If pmcheck finds no errors, it displays a message similar to this:
% pmcheck
Version 6.0.0 (003) licensed until Thu Nov 1 06:00:00 2012
File /etc/opt/quest/qpm4u/policy/pm.conf contains 0 errors.
Try running a few more commands, such as date, hostname, and your favorite shell (such as, csh, sh, or ksh) by preceding the command with pmrun. For example:
# pmrun date
By default, pmmasterd rejects all requests. It only accepts requests if it reaches an accept statement after the appropriate conditions are met in the configuration file. When pmmasterd rejects a request, it does not run the requested program and it sends the user an explanatory message.

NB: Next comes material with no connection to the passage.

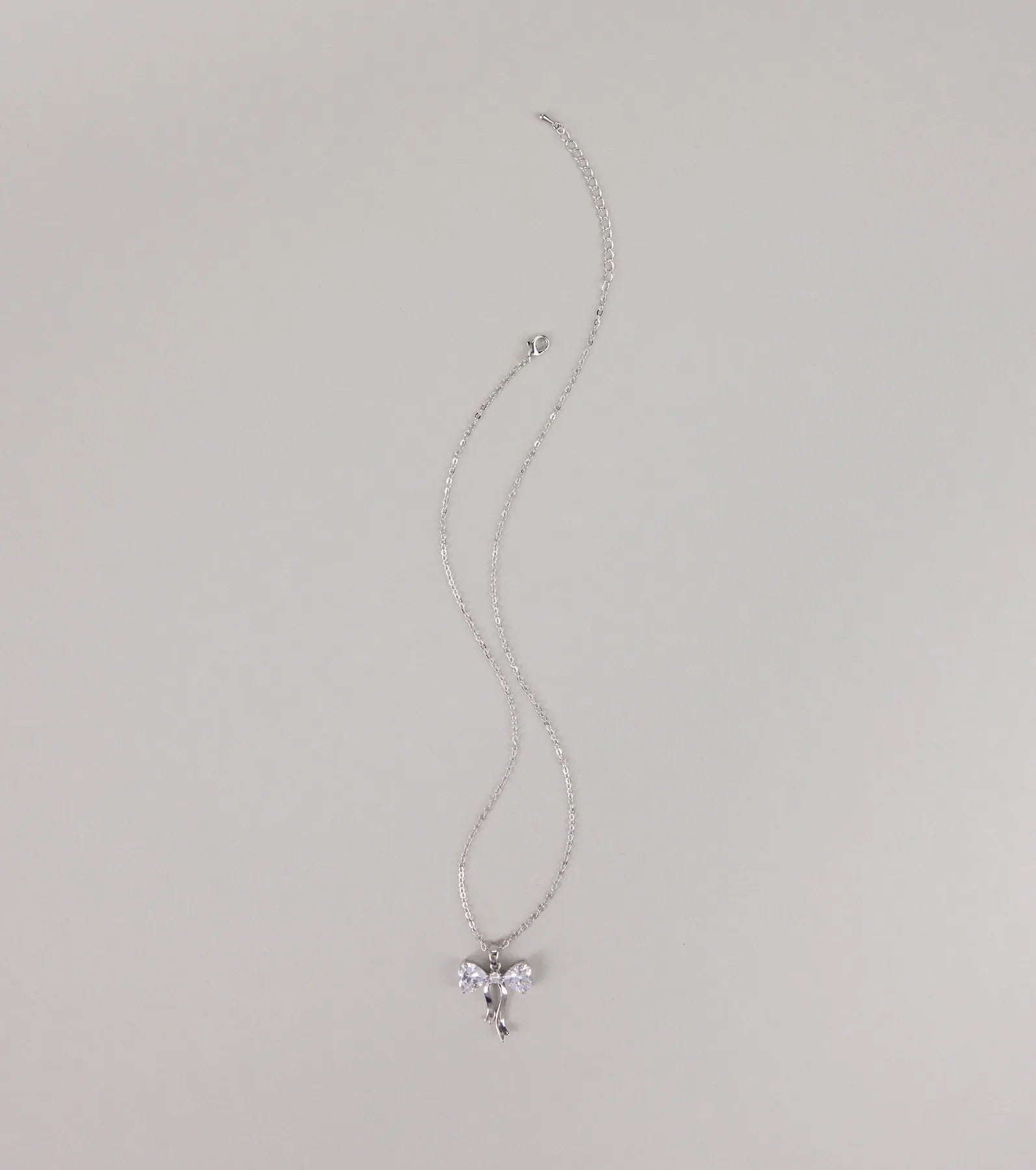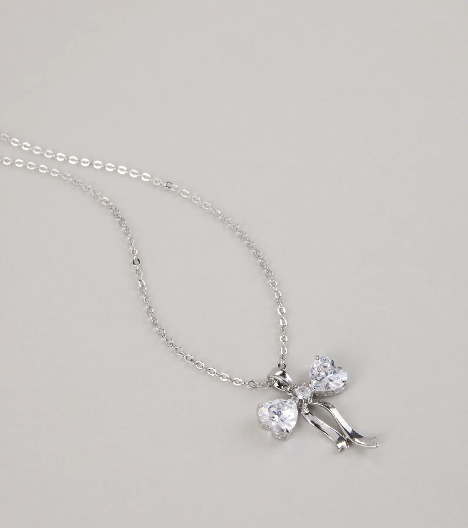 Pretty And Polished Cubic Zirconia Bow Necklace

pmmasterd can also reject commands explicitly. The following fragment rejects Dan’s request to run commands outside of regular office hours:
accept [from ["user"][, ["submithost"][, ["command"]
[, ["runhost"]]]]] [when conditional-expression]
[with optional-statements-before-execution];
reject ["reject-text"] [from ["user"][, ["submithost"]
[, ["command"][, ["runhost"]]]]]
[when conditional-expression];
if(user=="dan") {
# Explicitly disallow commands run outside of
#regular office hours
if(dayname=="Sat" || dayname=="Sun" ||
!timebetween(800,1700))
reject;
runuser="root";
accept;
}
Once it reaches a reject statement, pmmasterd reads no further statements; the request ends as soon as it is rejected. Note that no braces { } enclose the reject statement, since it is the only statement that occurs inside the inner if statement. Note also the use of the || ("or") and ! ("not") operators in the if statement which translates as "if the current day is Saturday or Sunday, or if the current time is not between 8:00 a.m. and 5:00 p.m., then reject the request."
Type this fragment into the /etc/opt/quest/qpm4u/policy/pm.conf file, or copy it from the examples directory in the Privilege Manager for Unix distribution directory. Replace "dan" with your own user name in quotes. Check the configuration file for errors with pmcheck. Then try to run commands with pmrun. For more information about using pmcheck, see Example 1: Basics.
Try changing the times specified to timebetween, to cause requests to be accepted or rejected.